Retype exactly the span of lines below from the one with "Shorts color: 'Flower" through the one with "Voor een eenvoudigere". Do not include pictures.

[THE INPUT — start]

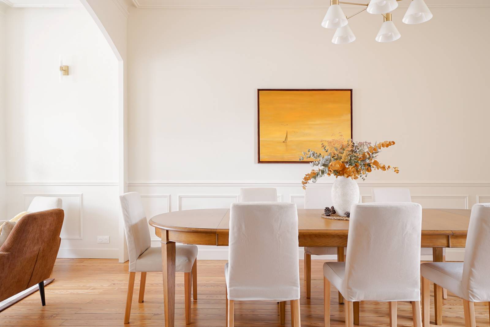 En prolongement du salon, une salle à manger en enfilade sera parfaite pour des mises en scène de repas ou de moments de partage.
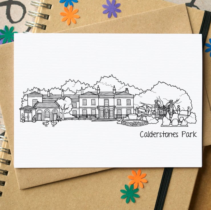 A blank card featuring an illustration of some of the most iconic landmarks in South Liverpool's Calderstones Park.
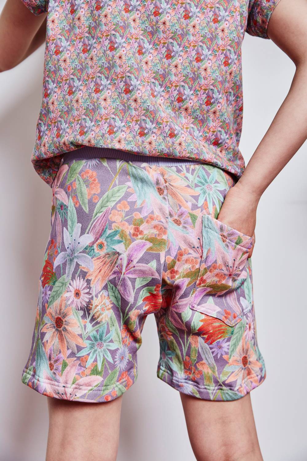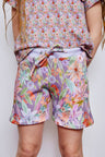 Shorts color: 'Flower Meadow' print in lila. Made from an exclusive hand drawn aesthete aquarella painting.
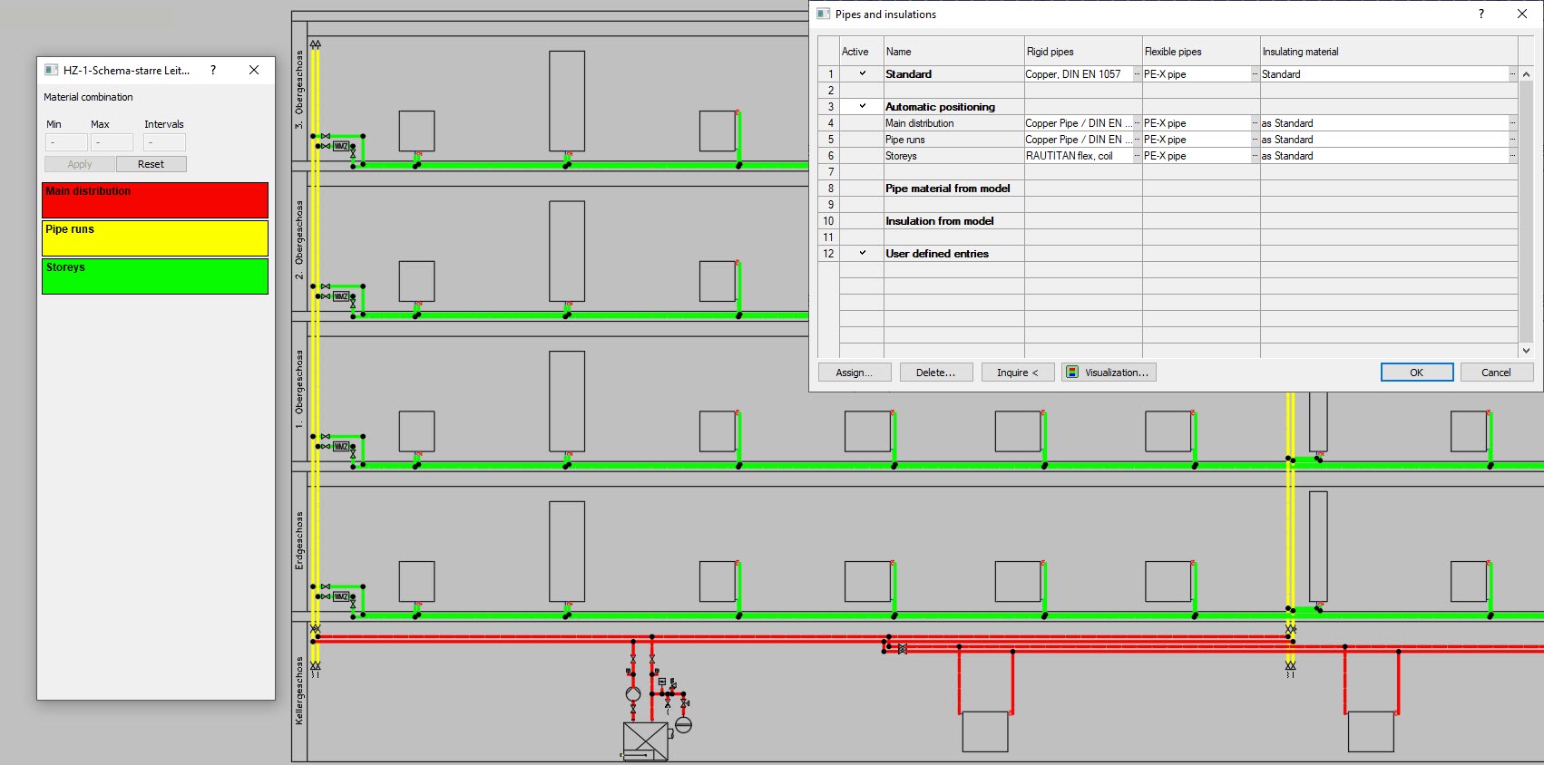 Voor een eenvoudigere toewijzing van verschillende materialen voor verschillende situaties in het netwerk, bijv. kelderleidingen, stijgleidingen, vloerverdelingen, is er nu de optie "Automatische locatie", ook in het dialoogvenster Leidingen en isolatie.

[THE INPUT — finish]
[THE INPUT — start]

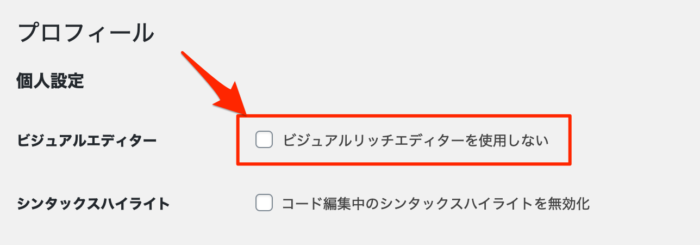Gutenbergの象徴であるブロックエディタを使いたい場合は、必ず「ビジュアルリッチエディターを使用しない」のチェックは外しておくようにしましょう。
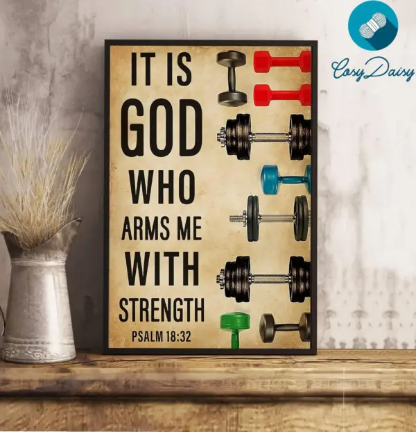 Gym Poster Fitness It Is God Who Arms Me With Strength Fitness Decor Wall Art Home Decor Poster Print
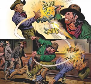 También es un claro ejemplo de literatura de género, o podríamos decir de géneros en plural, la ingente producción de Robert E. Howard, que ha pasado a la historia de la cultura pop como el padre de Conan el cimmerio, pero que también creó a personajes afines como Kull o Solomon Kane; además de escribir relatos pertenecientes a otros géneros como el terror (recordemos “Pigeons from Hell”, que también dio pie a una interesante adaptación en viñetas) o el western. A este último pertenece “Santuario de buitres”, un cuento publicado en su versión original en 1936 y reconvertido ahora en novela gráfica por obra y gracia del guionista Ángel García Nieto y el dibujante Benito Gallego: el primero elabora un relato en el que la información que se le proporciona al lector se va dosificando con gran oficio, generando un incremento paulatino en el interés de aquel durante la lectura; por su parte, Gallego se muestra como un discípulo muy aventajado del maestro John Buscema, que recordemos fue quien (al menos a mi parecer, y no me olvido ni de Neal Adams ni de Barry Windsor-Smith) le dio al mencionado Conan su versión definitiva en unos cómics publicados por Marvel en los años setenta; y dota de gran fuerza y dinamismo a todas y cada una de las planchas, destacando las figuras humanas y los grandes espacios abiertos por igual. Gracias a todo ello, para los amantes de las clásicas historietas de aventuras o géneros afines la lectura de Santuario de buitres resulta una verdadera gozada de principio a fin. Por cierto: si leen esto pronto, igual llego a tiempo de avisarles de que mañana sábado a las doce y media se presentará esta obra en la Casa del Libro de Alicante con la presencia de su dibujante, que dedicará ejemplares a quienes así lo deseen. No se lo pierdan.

[THE INPUT — finish]
[THE INPUT — start]

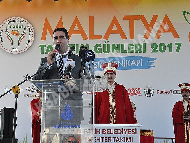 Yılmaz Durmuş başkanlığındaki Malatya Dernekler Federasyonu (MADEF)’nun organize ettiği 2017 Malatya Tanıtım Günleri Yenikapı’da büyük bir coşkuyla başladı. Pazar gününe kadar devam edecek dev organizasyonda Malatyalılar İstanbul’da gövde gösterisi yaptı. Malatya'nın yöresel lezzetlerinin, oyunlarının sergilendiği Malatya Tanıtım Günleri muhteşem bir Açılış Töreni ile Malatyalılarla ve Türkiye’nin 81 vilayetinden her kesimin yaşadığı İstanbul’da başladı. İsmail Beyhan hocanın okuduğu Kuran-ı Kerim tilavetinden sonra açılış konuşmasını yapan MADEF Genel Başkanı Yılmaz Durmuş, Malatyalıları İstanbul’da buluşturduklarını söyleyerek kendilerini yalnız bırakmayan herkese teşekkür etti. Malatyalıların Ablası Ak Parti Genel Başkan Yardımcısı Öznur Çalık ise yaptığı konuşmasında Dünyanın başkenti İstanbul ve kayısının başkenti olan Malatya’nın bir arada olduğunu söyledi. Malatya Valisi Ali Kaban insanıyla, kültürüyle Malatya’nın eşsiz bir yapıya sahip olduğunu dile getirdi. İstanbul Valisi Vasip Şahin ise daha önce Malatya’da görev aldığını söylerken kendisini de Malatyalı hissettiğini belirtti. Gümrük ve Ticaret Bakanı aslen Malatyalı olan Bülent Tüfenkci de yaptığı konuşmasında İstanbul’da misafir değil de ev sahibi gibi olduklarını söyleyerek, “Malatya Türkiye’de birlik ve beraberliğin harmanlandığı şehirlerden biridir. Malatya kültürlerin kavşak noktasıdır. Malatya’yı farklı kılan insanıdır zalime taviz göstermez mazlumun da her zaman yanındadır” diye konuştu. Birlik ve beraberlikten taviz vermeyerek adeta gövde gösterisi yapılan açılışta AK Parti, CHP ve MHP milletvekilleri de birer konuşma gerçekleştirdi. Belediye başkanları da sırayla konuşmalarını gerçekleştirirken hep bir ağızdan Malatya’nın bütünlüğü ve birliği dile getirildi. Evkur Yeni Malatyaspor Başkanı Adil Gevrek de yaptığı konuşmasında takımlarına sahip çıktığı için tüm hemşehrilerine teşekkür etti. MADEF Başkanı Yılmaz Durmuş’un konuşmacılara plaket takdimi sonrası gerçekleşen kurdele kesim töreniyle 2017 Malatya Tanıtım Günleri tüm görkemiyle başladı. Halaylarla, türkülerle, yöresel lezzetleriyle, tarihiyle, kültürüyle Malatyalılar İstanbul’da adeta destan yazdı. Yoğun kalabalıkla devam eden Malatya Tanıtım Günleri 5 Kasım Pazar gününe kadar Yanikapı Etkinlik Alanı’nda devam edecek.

[THE INPUT — finish]

ANSWER SPACE
 Shorts color: 'Flower Meadow' print in lila. Made from an exclusive hand drawn aesthete aquarella painting.
 Voor een eenvoudigere toewijzing van verschillende materialen voor verschillende situaties in het netwerk, bijv. kelderleidingen, stijgleidingen, vloerverdelingen, is er nu de optie "Automatische locatie", ook in het dialoogvenster Leidingen en isolatie.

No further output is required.